Courtesy North Central Community Association |
"One of the most striking findings is that concern
about climate change is not only, or even mostly, a product of how much
people know about science. Increased knowledge tends to harden existing
opinions (Nature Climate Change, vol 2, p 732).
These findings, and many more, are increasingly available to campaigners and science communicators,
but it is not clear that lessons are being learned. In particular,
there is a great deal of resistance towards the idea that communicating
climate change requires more than explaining the science.
The IPCC report,
due out on 27 September, will provide communicators with plenty of
factual ammunition. It will inevitably be attacked by climate deniers.
In response, rebuttals, debunkings and counter-arguments will pour
forth, as fighting denial has become a cottage industry in itself.
None of it will make any real difference.
This is for the simple reason that the argument is not really about the
science; it is about politics and values." (Emphasis mine.)

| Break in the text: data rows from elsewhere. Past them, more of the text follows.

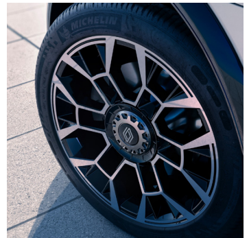
Roland-Garros: 18" kevytmetallivanteet electro

Katso rengastiedot osoitteesta renault.fi/rengastiedot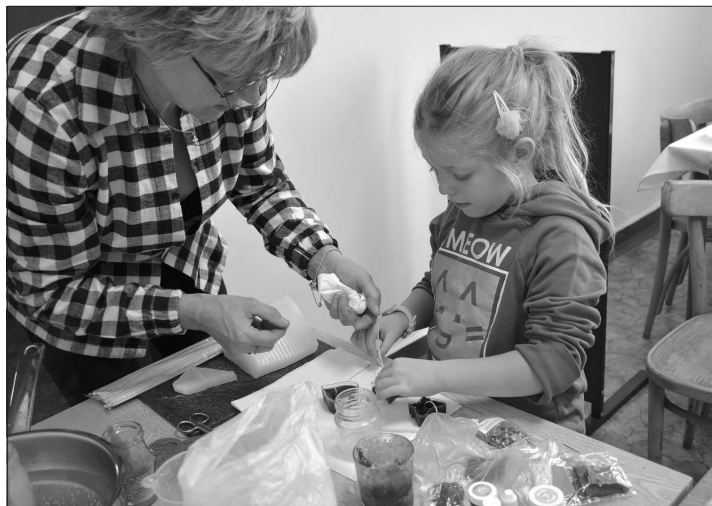
V rámci rukodělného jarmarku, který se konal o víkend v objektu Vlčovjana, probíhaly workshopy, na nichž si děti mohly vyrobit svíčku, mýdlo či vánoční ozdoby.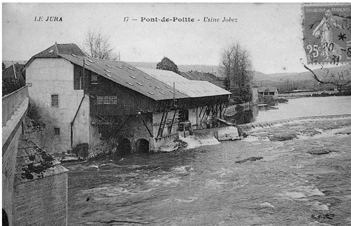
Pont-de-Poitte - Usine Jobez.

39, Pont-de-Poitte Grande Rue 1, 3, 4, 6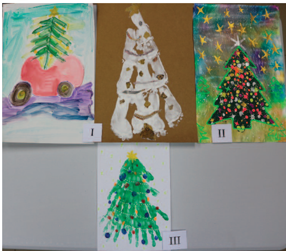
1. kategoria - rodziny z dziećmi do 5 r.ż.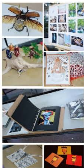
学校第二届 筑梦空间·创意集市隆重开幕

文化管理系是我校以日趋繁荣的文化产业及我国规模巨大的艺术品交易市场发展需要为背景而设立的系部。该系拥有一支学历层次高、结构优化、专兼结合的高素质师资队伍，实验实训项目内容丰富。文化管理系始终秉持“以应用为宗旨，以能力实训为主线，面向市场办学、紧贴岗位育人”办学理念，人才培养过程实施紧密型的校企合作，注重提升学生全面的文化素养，大力强化学生的实践能力培养，实施“双证”并重的人才培养制度。同时，积极引入国外先进的教育理念，着力推动文化艺术领域商科人才培养的国际化进程，文化管理系已与法国艺术文化管理学院、法国IPAG高等商学院、爱尔兰格林菲斯学院等国际院校合作开展“2+1”、“2.5+1.5”项目，为培养具有国际视野的应用技能型人才创造了有利条件。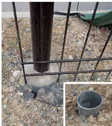
フェンス施工用鋼管杭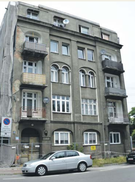
ul. Młotkowskiego 8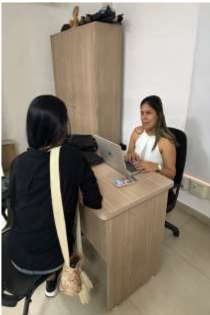
Ilustracion: Atencion en sala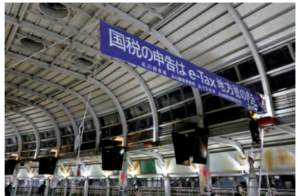
横断幕まもなく設置完了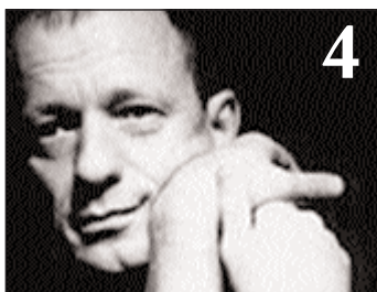
Rád zvedám hozenou rukavici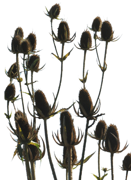
Gærde-kartebolle er flot i haven og meget populær hos sommerfuglene

og høj tidselkugle. Natsværmerne synes også om tobaksplanter, sæbeurt, lægekulsukker, pil og almindelig gedebled.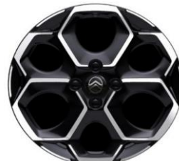
17 Zoll Leichtmetallfelgen ATACAMITE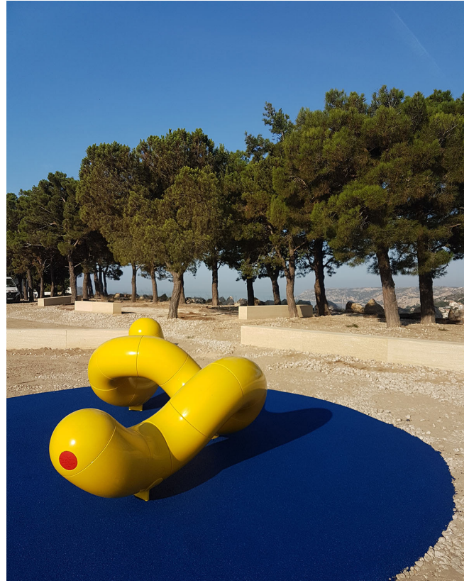
Premières réalisations du belvédère Canova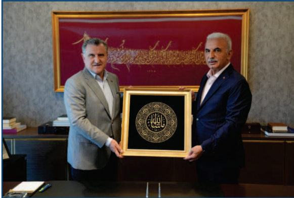
* Gençlik ve Spor Bakanımız Sayın Osman Aşkın BAK'ın Ümraniye Belediyesi Ziyareti

Başkanımız makamında kamu kurum ve kuruluşlardan bakanlar, milletvekilleri, belediye başkanları ve bürokratları ağırlayarak fikir alışverişinde bulunmuştur. Bu süreçteki tüm hizmetler Özel Kalem Müdürlüğümüz protokol ekibi tarafından yapılmaktadır.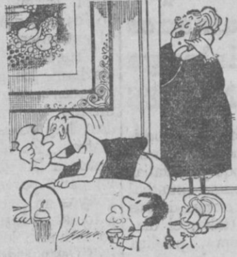
—Como podrá oír, doctor, tenemos un enfermo en casa...

Casa Solera. Distribuidor de BUTANO, S. A.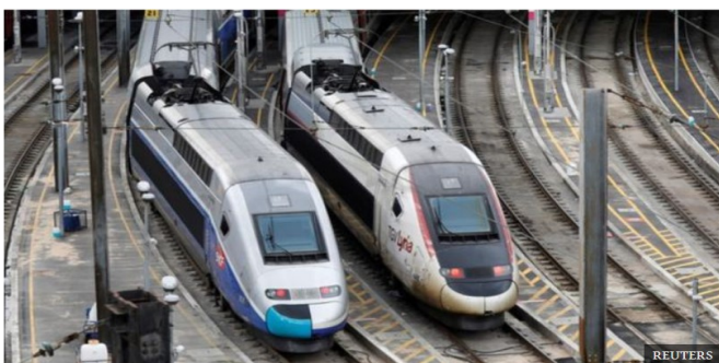
اعتصاب گسترده خدمه راه آهن دولتی در فرانسه، شبکه ریلی این کشور را دچار اختلال کرده است.

اعتصابکنندگان خواستار شش درصد اضافه حقوق هستند و دو دوره مذاکره سندیکای کارگری "وردی" آلمان با کارفرمایان تاکنون بی نتیجه بوده است.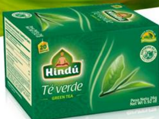
Té Verde Clásico Caja 20 saq. 12 unid. - 5711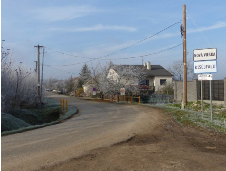
Obr. 1: Nová Vieska (Moyzeová, 2020).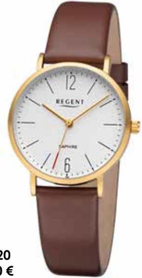
F-1320 99,00 €

Titan + Titan IPG, Saphir, 5 Bar, Ø 32 mm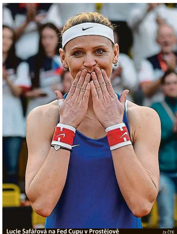
Lucie Šafářová na Fed Cupu v Prostějově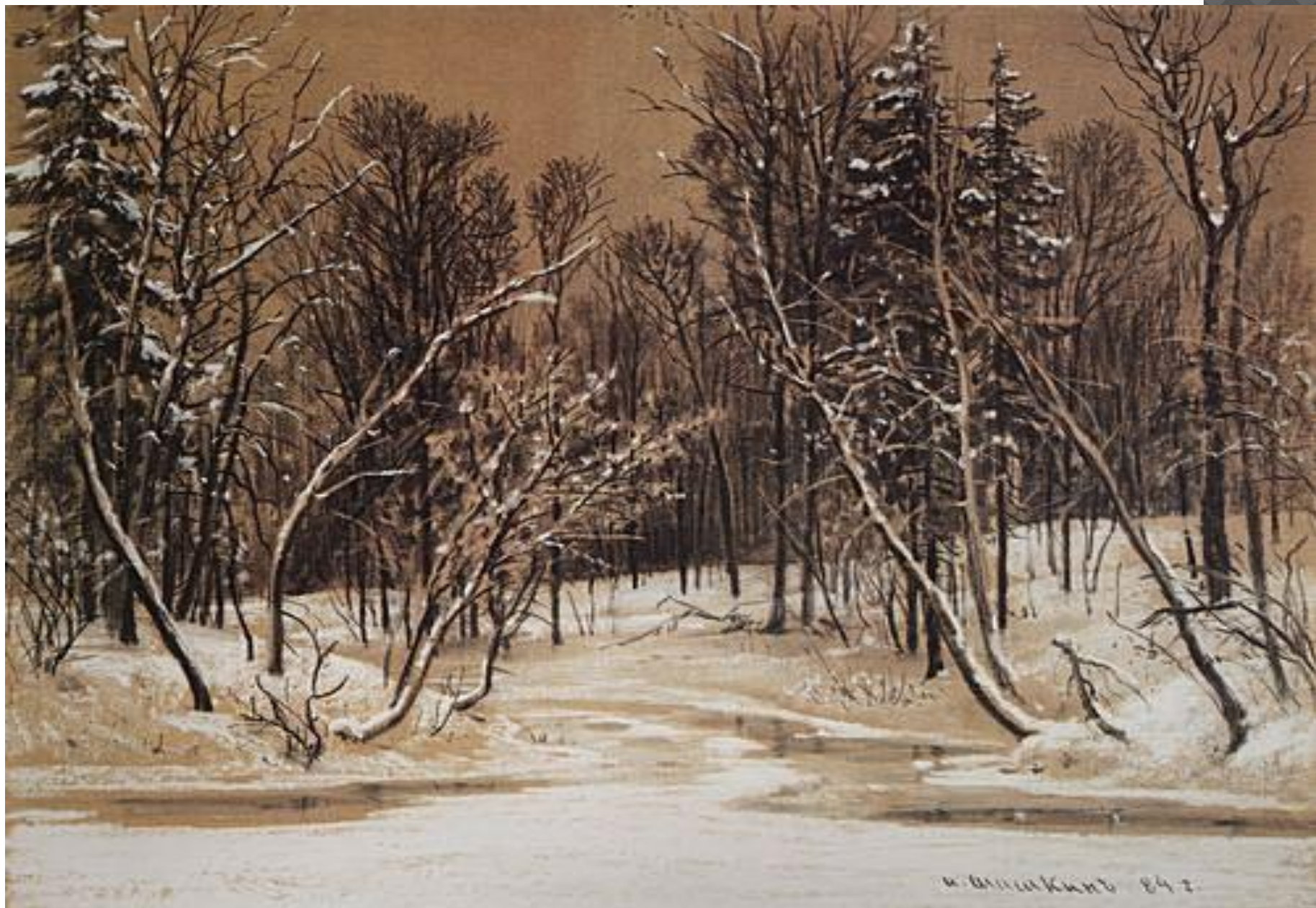
И. ШИШКИН «ЛЕС ЗИМОЙ»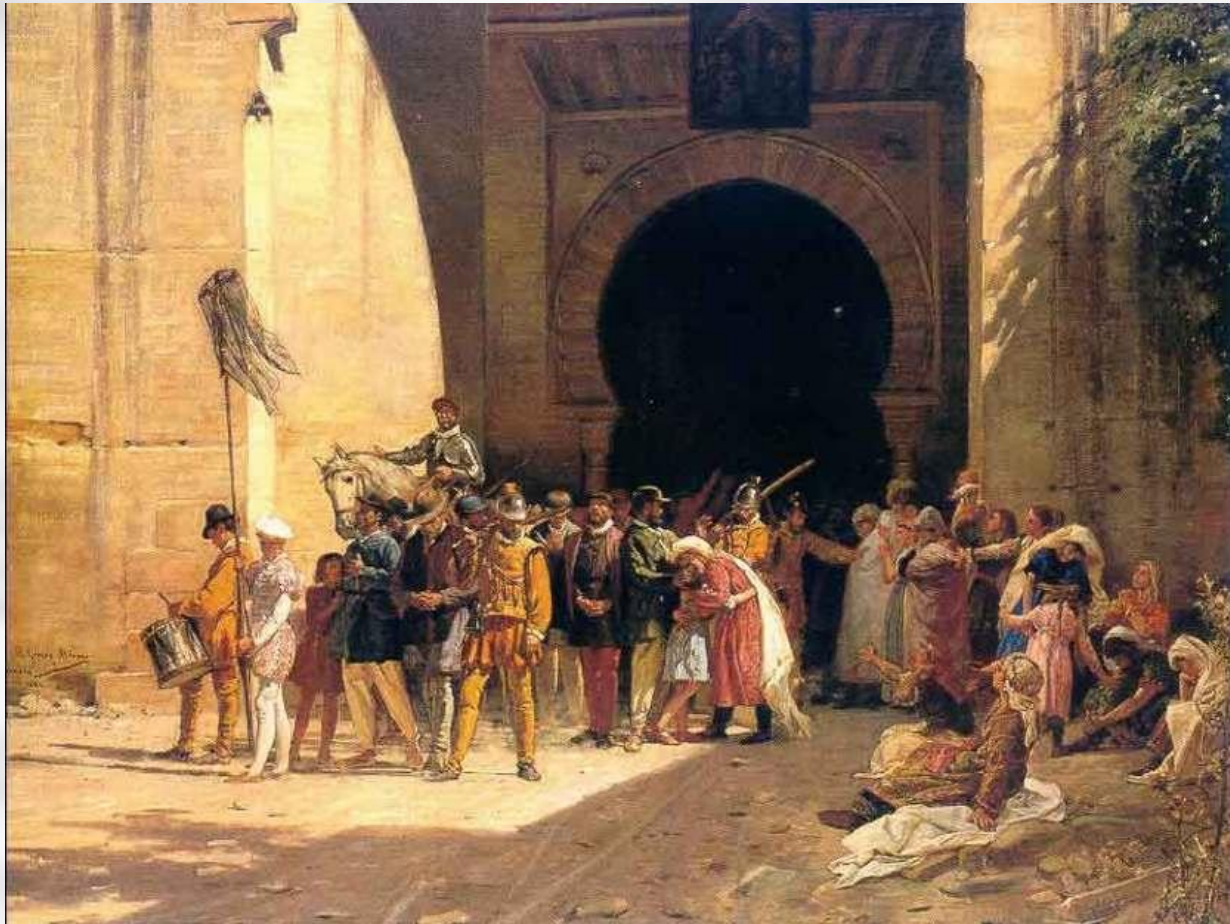
Изгнание мавров из Испании

На Пиренеях ещё с римских времён проживало много евреев. Возник один из центров еврейской культуры Средневековья. Отношение к евреям долгое время было намного лучше, чем в других странах. Но с конца XIV века, начались преследования и травля как евреев, и оставшихся мавров.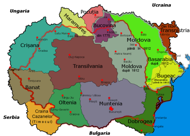
Regiuni istorice în care se vorbește limba română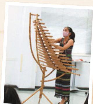
▲ベトナムの楽器、トルン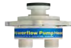
Powerflow Pump Head Adapter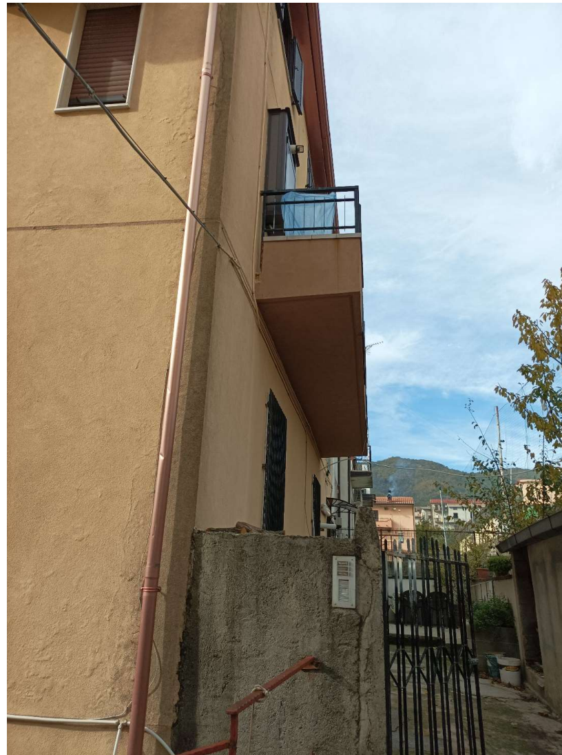
ESTERNO INGRESSO EDIFICIO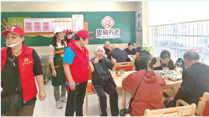
娄星区长春社区老年食堂获群众点赞。

“向阳花”行动,护航亲子共成长。2024年,省财政安排1520万元支持开展家庭教育指导服务“向阳花”行动,并首次纳入湖南省重点民生实事,“向阳花”行动线下指导服务市场火爆,惠及家长430余万人。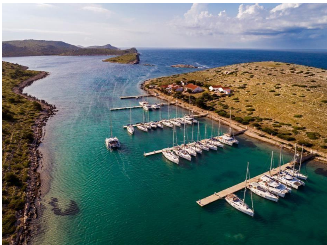
Slika 7. Marina Piškera

i Panitula Vela, na sjevernoj obali otoka Panitula Vela. Marina pruža dobru zaštitu od bure, ali malo slabiju od vjetrova iz južnog smjera. Iako je Marina Piškera manja u usporedbi s nekim većim marinama na kopnu, pruža osnovne usluge nautičarima, poput priveza, punjenja vode i struje te osnovnih održavanja za plovila. Kapaciteti su ograničeni, s obzirom na prirodne uvjete i veličinu otoka. Kapacitet marine je 118 vezova u moru te niti jedan vez van mora za prihvat jahti i brodica do 40 metara sa ukupnom veličinom gaza ne većom od 4 metra 49 .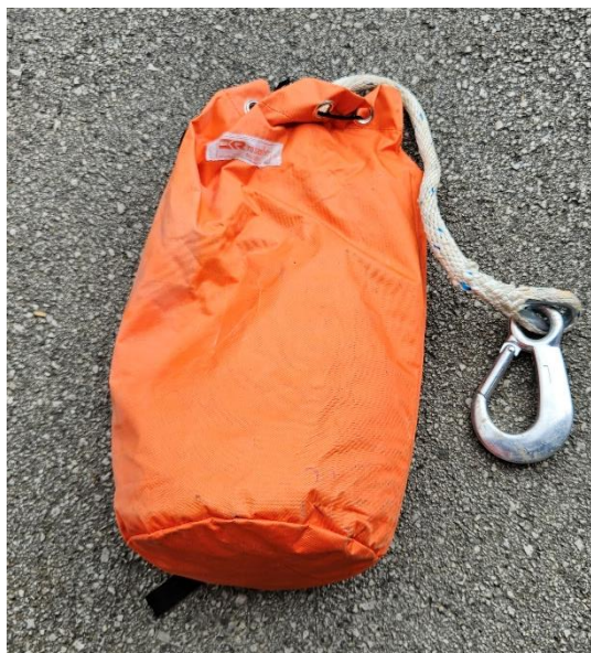
Slika 10: Reševalna vrv s karabinom v torbici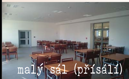
malý sál (přísálí)

Celkové náklady na realizaci Kulturního centra (včetně odkoupení původního objektu restaurace a ubytovny Krutki), jeho vybavení, opravu přílehlého objektu PZKO a vybudování zpevněných ploch představují částku 45 mil. Kč (z toho 9,1 mil. je hrazeno v rámci projektu "Synergie" spolufinancovaného z operačního programu Interreg V-A Česká republika - Polsko).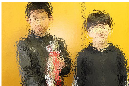
オンオール・サッカー少年団 第8回フレンドリーカップU9優勝 〇〇 〇〇さん(3年) 〇〇 〇〇さん(2年)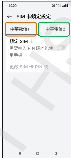
5. 選擇 SIM1/SIM2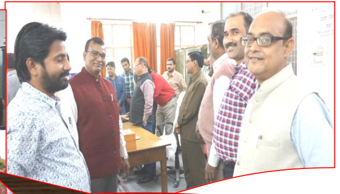
कार्यक्रम में उपस्थित विश्वविद्यालय के निदेशक, अधिकारी, शिक्षक, छात्र-छात्रायें एवं कर्मचारीगण।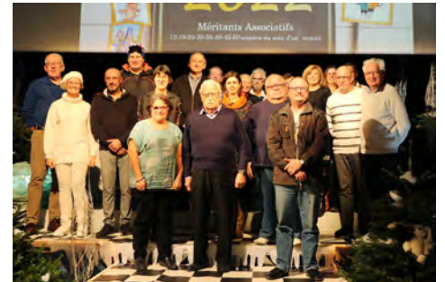
Les «méritants» 2021/2022.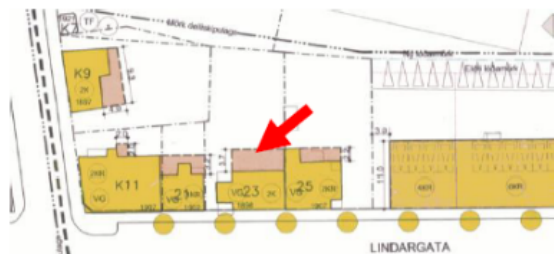
Lindargata 23 á deiliskipulagsupprætti.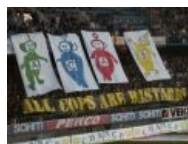
Телепузики как бы намекают...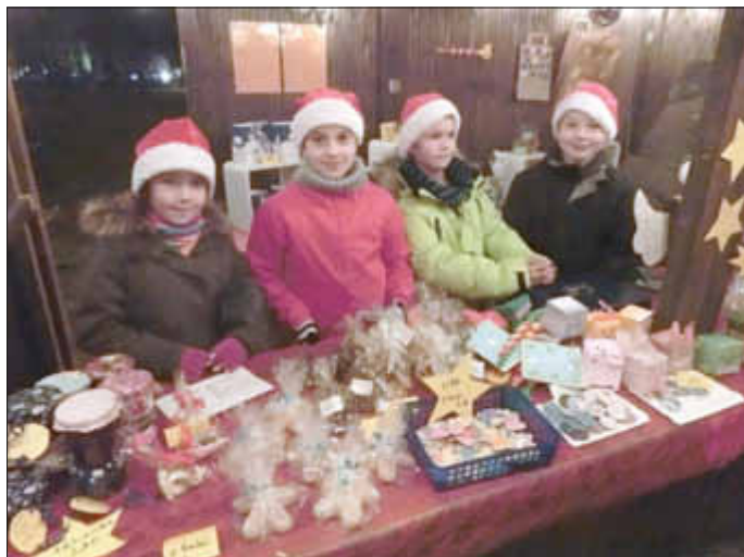
Über 50 Schüler, aufgeteilt in 9 Verkaufsteams, sorgten dafür, dass alle Gäste prompt und fachkundig bedient und beraten wurden.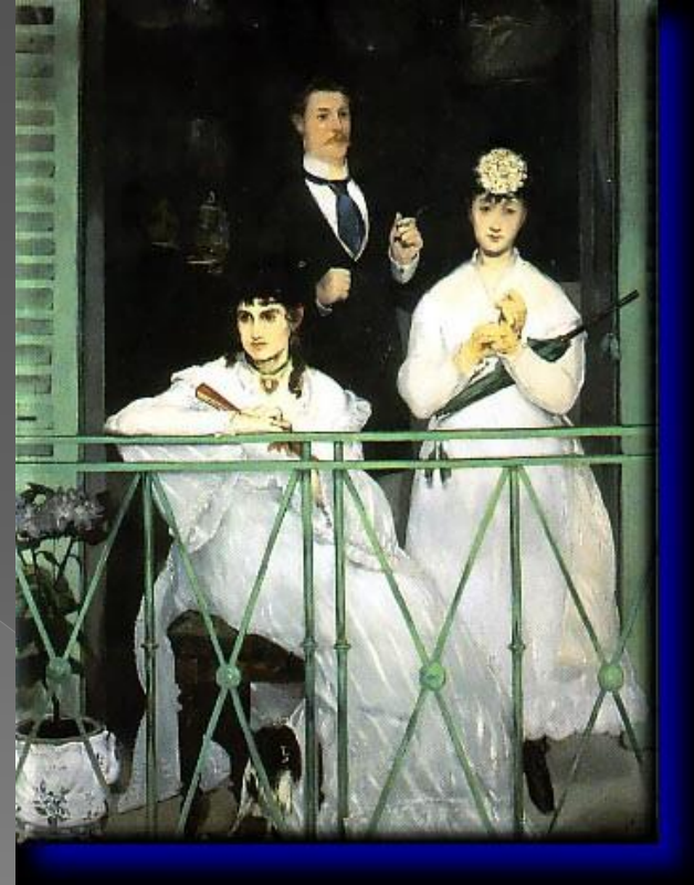
EDOUARD MANET: El balcón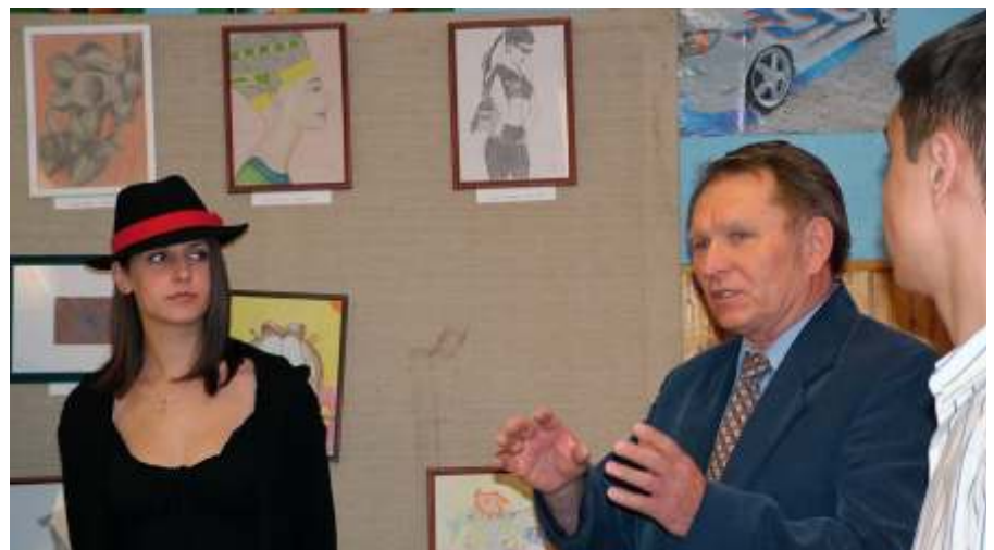
A megnyitó pillanatai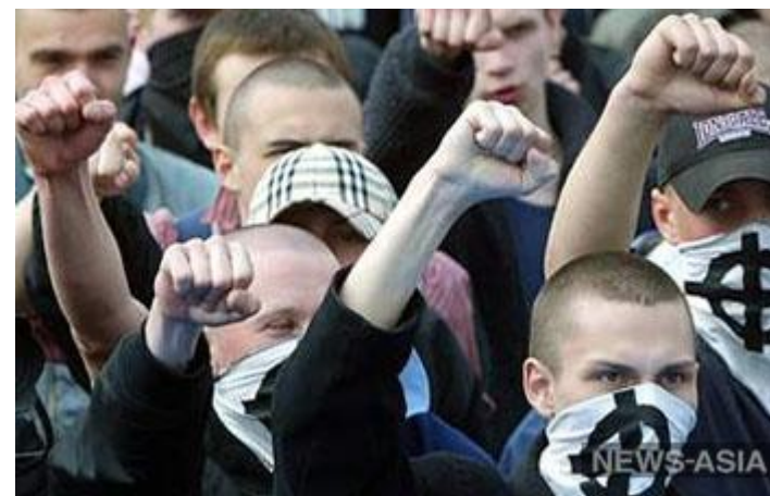
В Костроме скинхеды напали на неформалов

I continue to believe that it's also about pocketbooks and personal impacts. If people understand just how THEY will be PERSONALLY impacted - not "the planet," and not "in the future" - they might just listen up.
The data bores people. The crystal ball gazing irritates people. Only by telling folks where the rubber will meet the road and sharing the ways this will be seriously screwing with them in very short order, can we hope to get a response that will push the political needle anywhere near getting us a solution.
And that needs to happen fast. In fact, not fast, but yesterday. Anyone have any bright ideas?